» **EXTRACTED DATA**:
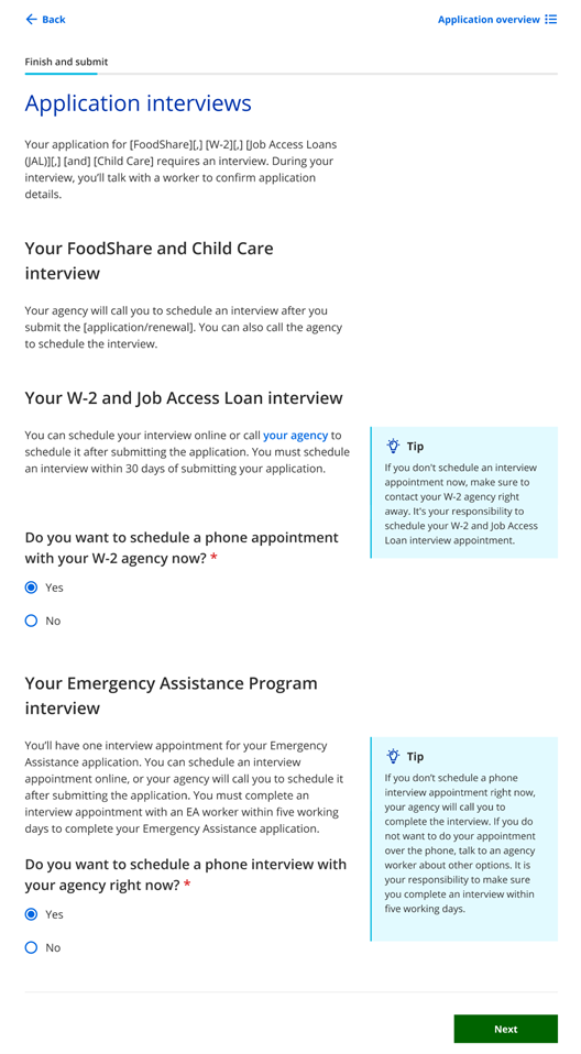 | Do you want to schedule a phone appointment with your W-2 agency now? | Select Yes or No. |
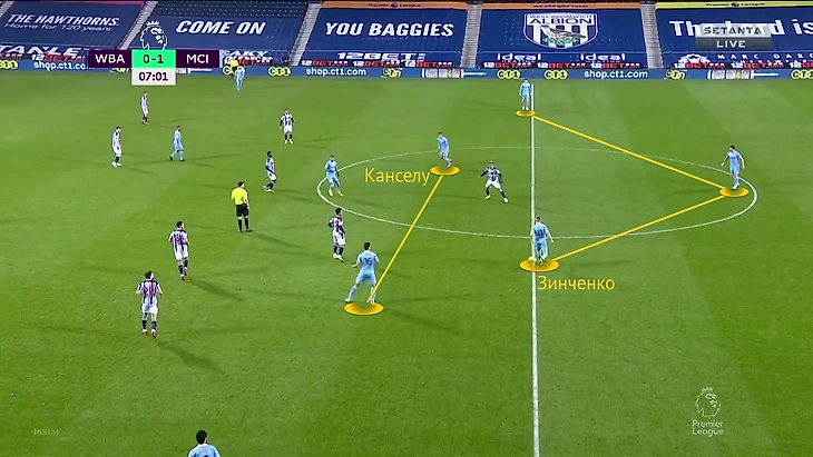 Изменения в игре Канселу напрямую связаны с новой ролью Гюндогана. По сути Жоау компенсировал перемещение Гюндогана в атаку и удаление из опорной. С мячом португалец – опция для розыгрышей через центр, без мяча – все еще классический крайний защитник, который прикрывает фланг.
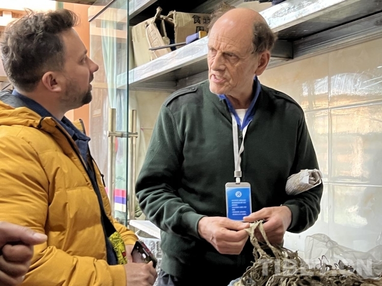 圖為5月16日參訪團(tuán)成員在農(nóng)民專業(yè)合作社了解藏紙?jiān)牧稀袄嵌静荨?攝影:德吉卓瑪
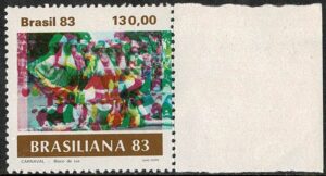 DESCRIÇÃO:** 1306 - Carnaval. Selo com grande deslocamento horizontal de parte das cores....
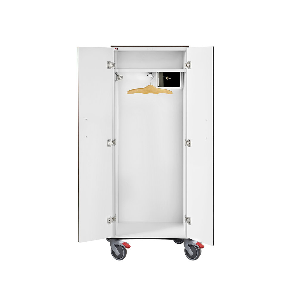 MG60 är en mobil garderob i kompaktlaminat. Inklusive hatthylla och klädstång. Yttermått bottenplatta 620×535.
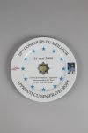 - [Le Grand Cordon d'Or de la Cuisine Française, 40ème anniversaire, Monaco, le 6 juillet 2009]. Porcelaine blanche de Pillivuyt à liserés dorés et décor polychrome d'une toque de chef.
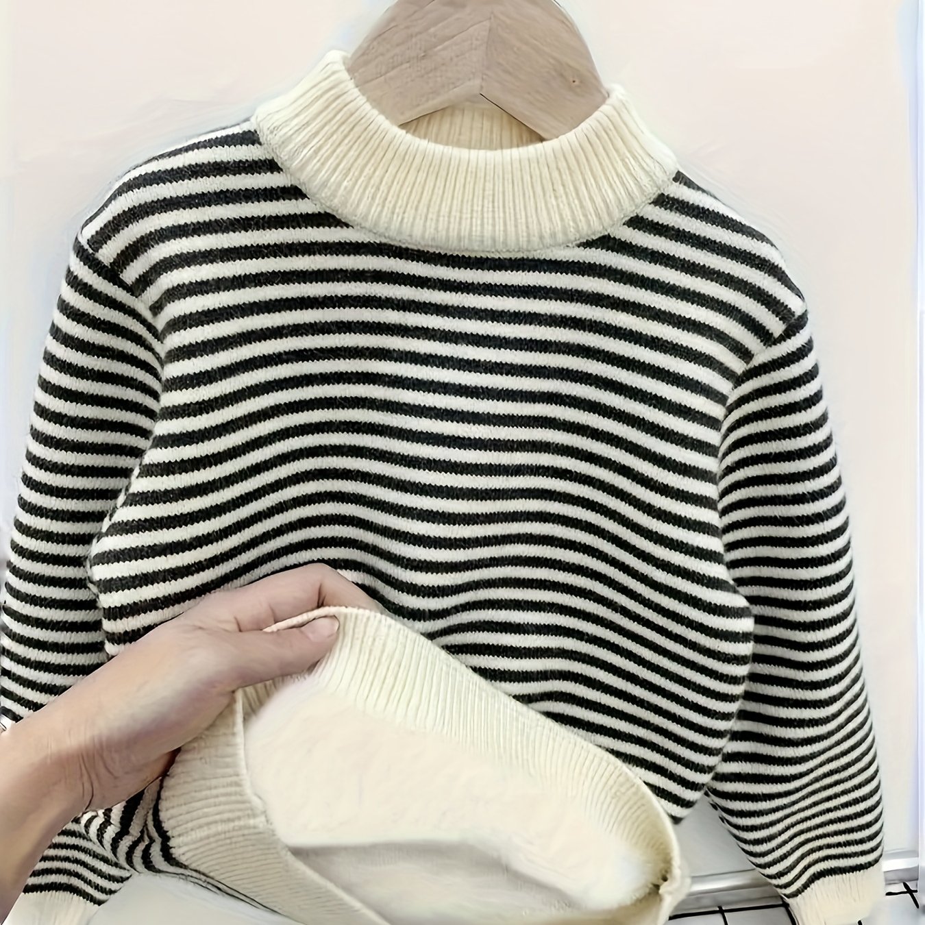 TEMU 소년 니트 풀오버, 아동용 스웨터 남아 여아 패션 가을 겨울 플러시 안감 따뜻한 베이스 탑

» **EXERCISE DIRECTIONS**: Reprint the data verbatim, pictures excluded.

» **TASK SOLUTION**:
 | Do you want to schedule a phone appointment with your W-2 agency now? | Select Yes or No. |
 Изменения в игре Канселу напрямую связаны с новой ролью Гюндогана. По сути Жоау компенсировал перемещение Гюндогана в атаку и удаление из опорной. С мячом португалец – опция для розыгрышей через центр, без мяча – все еще классический крайний защитник, который прикрывает фланг.
 圖為5月16日參訪團(tuán)成員在農(nóng)民專業(yè)合作社了解藏紙?jiān)牧稀袄嵌静荨?攝影:德吉卓瑪
 DESCRIÇÃO:** 1306 - Carnaval. Selo com grande deslocamento horizontal de parte das cores....
 MG60 är en mobil garderob i kompaktlaminat. Inklusive hatthylla och klädstång. Yttermått bottenplatta 620×535.
 - [Le Grand Cordon d'Or de la Cuisine Française, 40ème anniversaire, Monaco, le 6 juillet 2009]. Porcelaine blanche de Pillivuyt à liserés dorés et décor polychrome d'une toque de chef.
 TEMU 소년 니트 풀오버, 아동용 스웨터 남아 여아 패션 가을 겨울 플러시 안감 따뜻한 베이스 탑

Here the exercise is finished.